Dive Brief:
- When women are CEOs, the companies they lead are significantly more likely than companies led by men to name women to boards and senior leadership positions, according to the 2026 Corporate Women Directors International Report.
- Nearly 40% of organizations with women CEOs also had women on their boards of directors, compared to the global average of nearly 30%. Meanwhile, at companies where a woman succeeded a man as CEO, the gender diversity on boards increased from an average of roughly 35% to about 56%.
- In addition to board diversification, nearly 37% of firms with women leaders have women executive officers, whereas the global average for women in C-suite positions is just 21%.
Dive Insight:
The report examined 3,222 blue-chip companies and found that only 215 (6.7%) had a woman as CEO.
However, at those 215 firms, there was a significant difference in terms of diversity metrics, regardless of location or company size.

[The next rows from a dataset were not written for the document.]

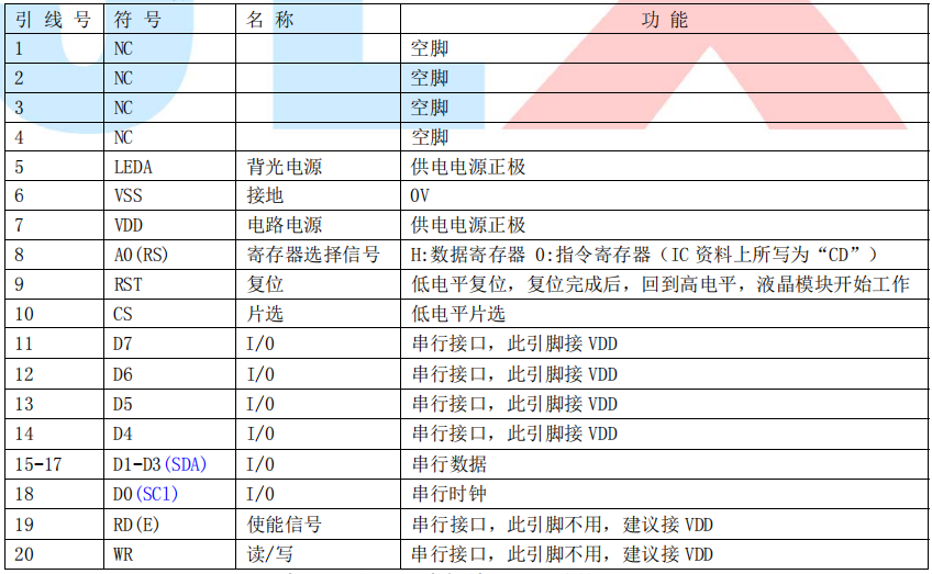 6.接口简单方便:可选I²C 总线、4 线SPI 串口、6800 系列并口、8080 系列并口。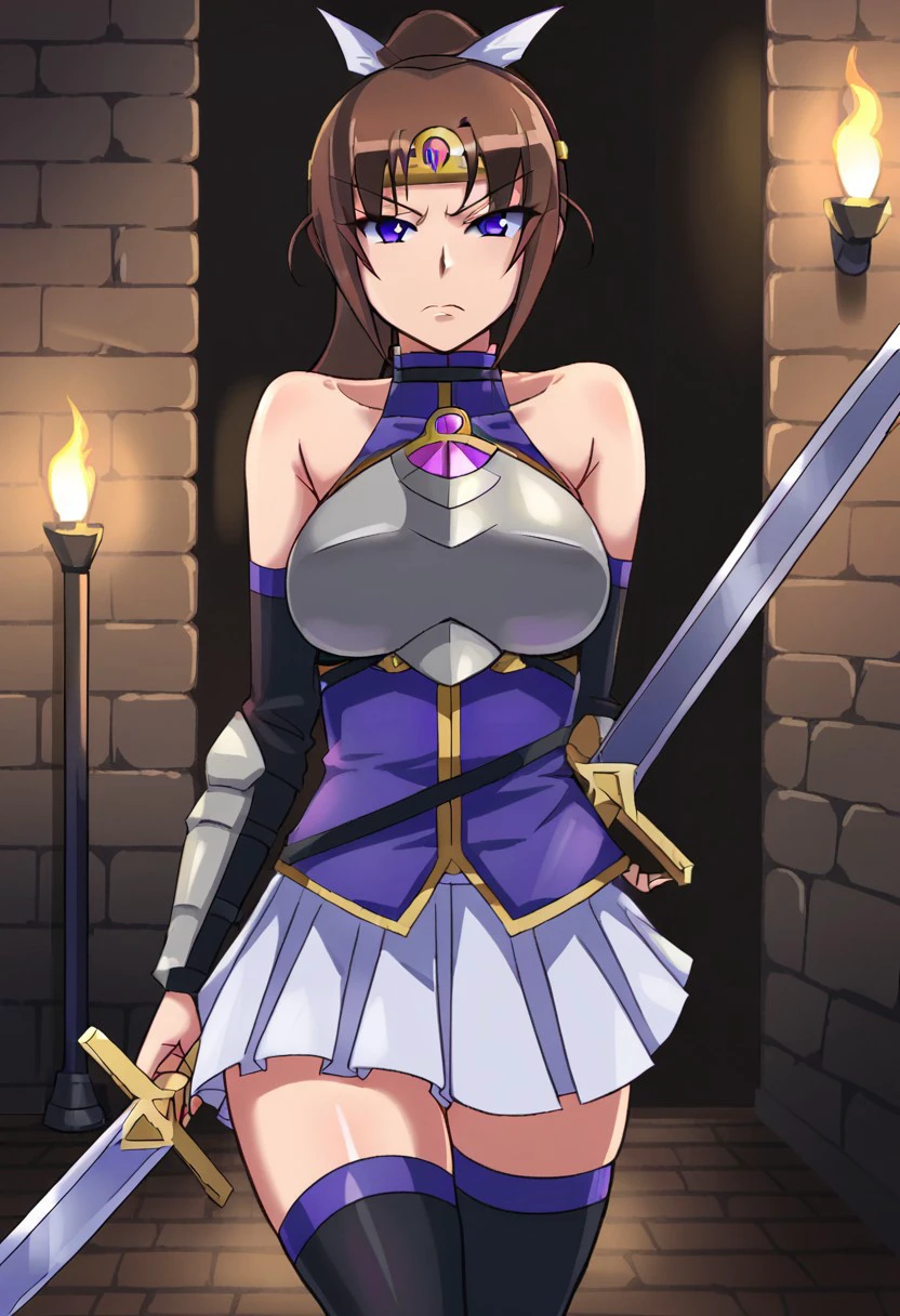 Dianne's normal outfit: black choker, (purple top, turtleneck, sleeveless, gold trim), (white skirt, pleated skirt,), (black thighhighs, purple trim), (black arm warmers, purple trim), (chest armor, breastplate, silver,) gem, (arm armor, silver), (armored boots, silver), (sword, holding sword, one sword,),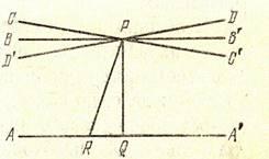 Доказательство. Пусть прямая ВВ параллельна в точке Р прямой АА. Рассмотрим точку Q, лежащую от точки Р в сторону параллельности, т.е. по ту же сторону от прямой PR, соединяющей Р с некоторой точкой R на АА, что луч RA. Возьмем какой-нибудь луч QQ, проходящий внутри угла BQR, обращенного своим отверстием в сторону параллельности, и докажем, что он пересекает луч RA. Для этого соединим какую-нибудь его точку QcP; луч PQпересечет RAв некоторой точке S ( так как прямая ВВ параллельна прямой АА в точке Р). Луч QQ, пересекающий сторону PS треугольника RPS, не может пересечь отрезка PR (так как тогда он проходил бы внутри смежного угла PQR) и не проходит ни через одну из вершин этого треугольника. Поэтому он должен пересечь отрезок PS. Таким образом, теорема доказана для того случая, когда точка Q расположена от точки Р в сторону параллельности.
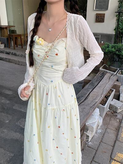 2024 春夏 ライトニット カーディガン トップス 羽織り加工 ショート丈 薄手 長袖 紫外線対策 UV対策 きれいめ オフィス OLネックカジュアルフレンチフェミニンファッション韓国レディース

“The data is clear: women CEOs aren’t just symbolic figures; they are engines of structural change,” Irene Natividad, CWDI’s chair, said in a statement. “They create a pipeline of talent that is often overlooked. Beyond equity, this leadership style is also linked to higher returns and better risk management based on numerous studies globally.”
In its report, CWDI found that “nearly a quarter of women-led companies have reached gender-equal or female-majority boards, and 22.3% have senior management teams that are 50% or more women.”
However, the percentage of women represented on Russell 3000 company boards is slipping, according to a May report from Equilar and 50/50 Women on Boards. The declines come amid widespread rollbacks to corporate diversity, equity and inclusion initiatives, which have noticeably affected women, per a 2025 Women in the Workplace Survey from Fairygodboss.
That research found that out of more than 400 women surveyed, 79% said they believed that recent news about the removal of DEI programs would negatively affect opportunities for women, with 83% specifically citing detrimental impacts to leadership opportunities.